+++ DATASET EXTRACT
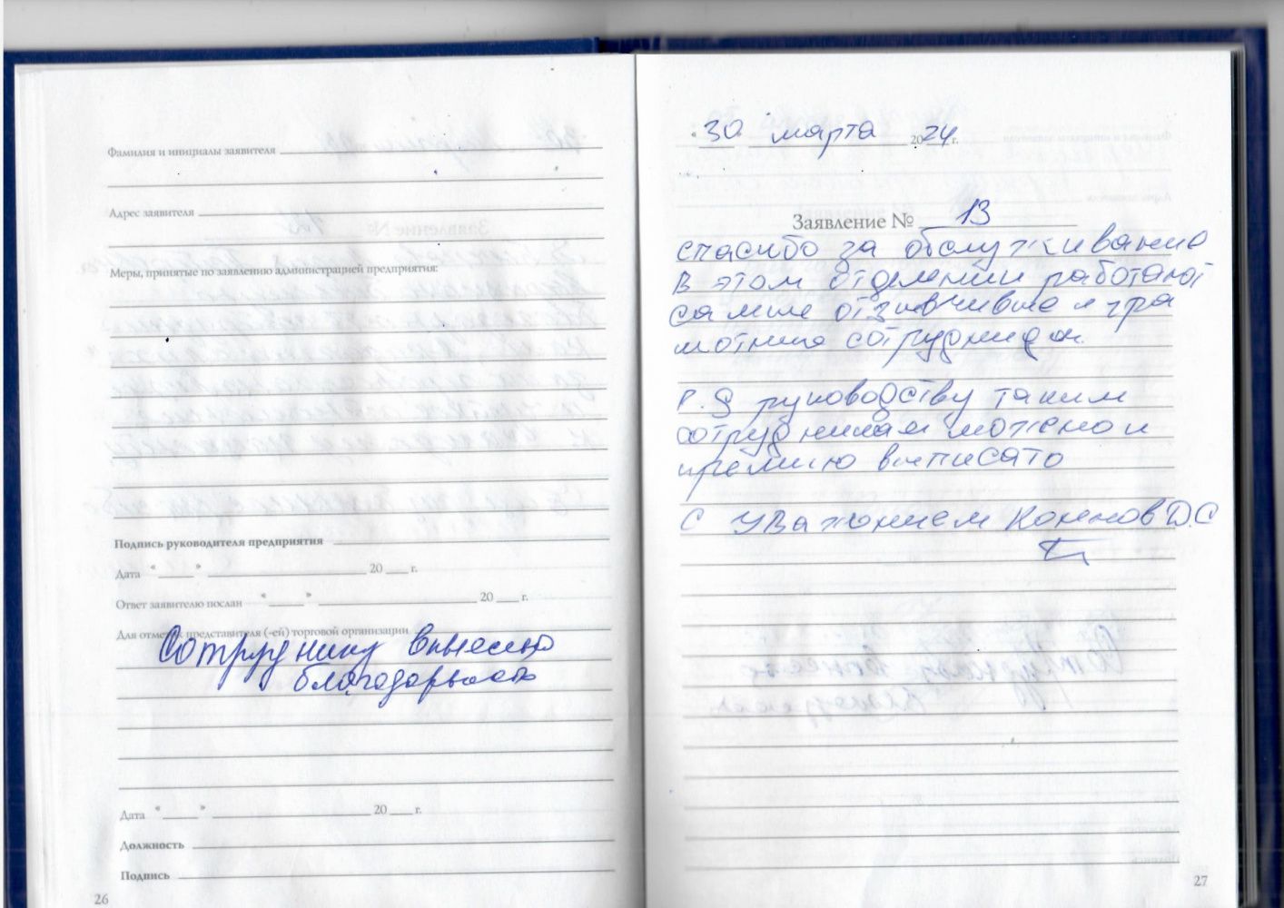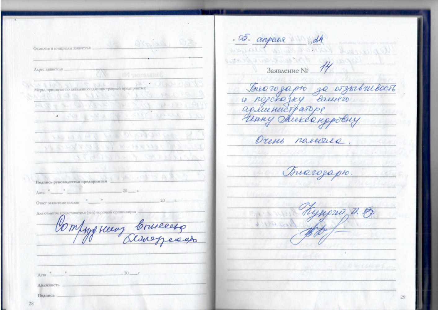 Благодарность за отзывчивость и подсказку вашего администратора Инну Александровну . Очень помогла .
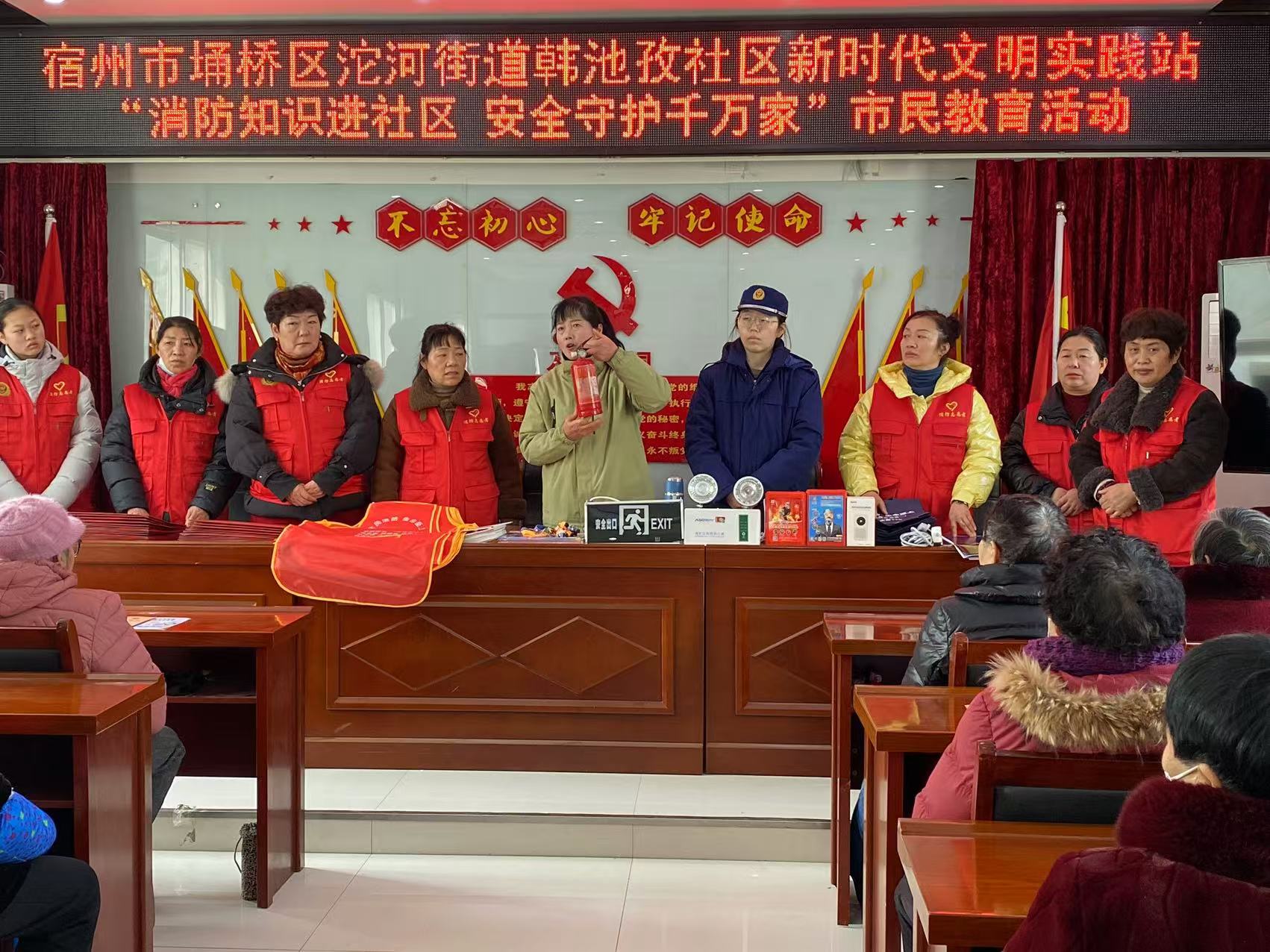 近日,宿州市埇桥区沱河街道韩池孜社区在新时代文明实践站,组织开展"消防知识进社区 安全守护千万家"市民教育活动,切实增强居民消防安全意识,筑牢社区安全防线。
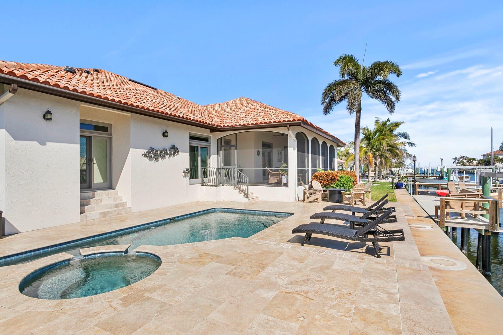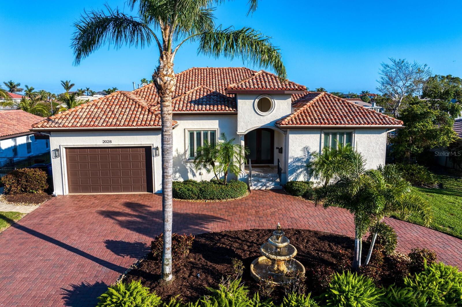 Nestled in the prestigious Venetian Isles, this Modern Mediterranean home offers 90 feet of deep-water frontage with direct access to Tampa Bay, delivering the best in single-level living. Custom-built in 2007 and ideally positioned on the east side of the street, this home boasts a thoughtfully designed layout, where three of the four bedrooms feature en-suite baths. The open-concept design is perfect for both everyday living and entertaining, featuring a formal dining area, an eat-in kitchen, and a spacious island with ample seating. A Wolf gas range and a stylish coffee bar complete the gourmet kitchen. The primary suite serves as a private retreat, offering a separate seating area with serene views of the pool and water. The luxurious primary bath includes dual vanities, a sit-down dressing area, and a charming clawfoot tub, while the expansive walk-in closet is thoughtfully organized and even includes a second laundry area. A dedicated office with built-ins and water views enhances the home’s functionality. Elegant details such as 10-foot ceilings, crown moldings, plantation shutters, and travertine flooring throughout create an inviting ambiance, seamlessly leading to your dream waterfront oasis. Enjoy alfresco dining in the screened-in outdoor kitchen, equipped with a DCS stainless grill and Viking smoker, while overlooking your private dock with triple boat lifts. The travertine-surrounded saltwater pool and spa provide the perfect vantage point to observe manatees, dolphins, and coastal birds, all while soaking in Florida’s endless sunshine. A grand three-tier fountain welcomes you at the circular driveway, offering ample off-street parking alongside a spacious two-car garage with additional storage. A 24KW Generac Air-Cooled Standby Generator with a 200Amp Transfer Switch was installed 7/ 2025. HVAC's (2024), Tankless HW (2022). This is truly a must-see waterfront retreat!
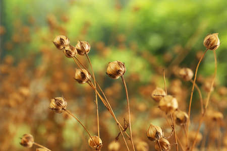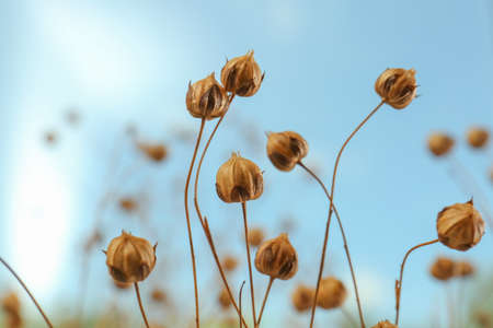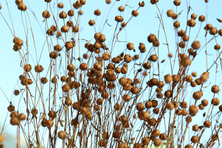 closeup ripe dry seed capsules of common flax or linum usitatissimum stock photo.
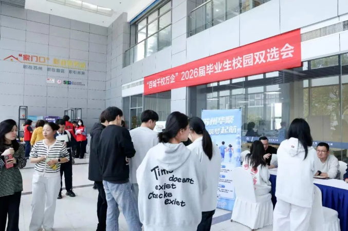 近日,蘇州工業園區服務外包職業學院舉辦2026屆畢業生校園雙選會,“家門口”就業服務站內人聲鼎沸。本次雙選會依托蘇州工業園區服務外包職業學院“家門口”就業服務站,助力畢業生精準對接優質崗位實現高質量就業,為廣大青年學子鋪就實現職業夢想的踏實道路。雙選會現場,勝科納米(蘇州)股份有限公司、蘇州銳諾醫療技術有限公司、蘇州維納科技有限公司、蘇州微創軟件有限公司等40家用人單位,端出900余個優質崗位,受到廣大學生的歡迎。
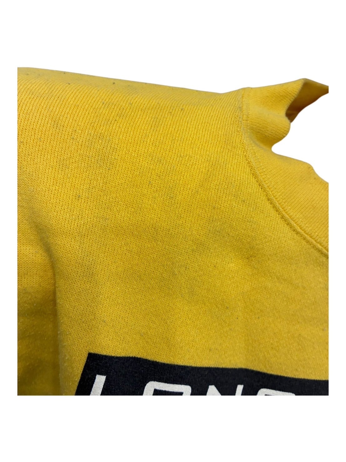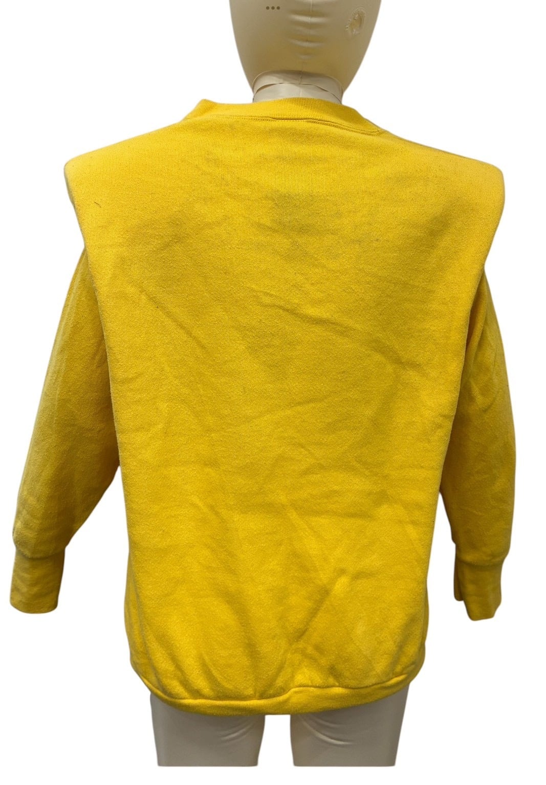鮮やかなイエローボディにグラフィックロゴを配したスウェットを、パワーショルダー仕様に再構築。視線を引きつけるカラーに、直線的なシルエットで輪郭を与えた一枚です。
++++++
[WHAT TO PRODUCE] Starting at the line that contains "近日,蘇州工業園區服務外包職" and ending with the last line of the data, transcribe every line exactly; skip the pictures.

[SOLUTION TO THIS TASK]
 近日,蘇州工業園區服務外包職業學院舉辦2026屆畢業生校園雙選會,“家門口”就業服務站內人聲鼎沸。本次雙選會依托蘇州工業園區服務外包職業學院“家門口”就業服務站,助力畢業生精準對接優質崗位實現高質量就業,為廣大青年學子鋪就實現職業夢想的踏實道路。雙選會現場,勝科納米(蘇州)股份有限公司、蘇州銳諾醫療技術有限公司、蘇州維納科技有限公司、蘇州微創軟件有限公司等40家用人單位,端出900余個優質崗位,受到廣大學生的歡迎。
鮮やかなイエローボディにグラフィックロゴを配したスウェットを、パワーショルダー仕様に再構築。視線を引きつけるカラーに、直線的なシルエットで輪郭を与えた一枚です。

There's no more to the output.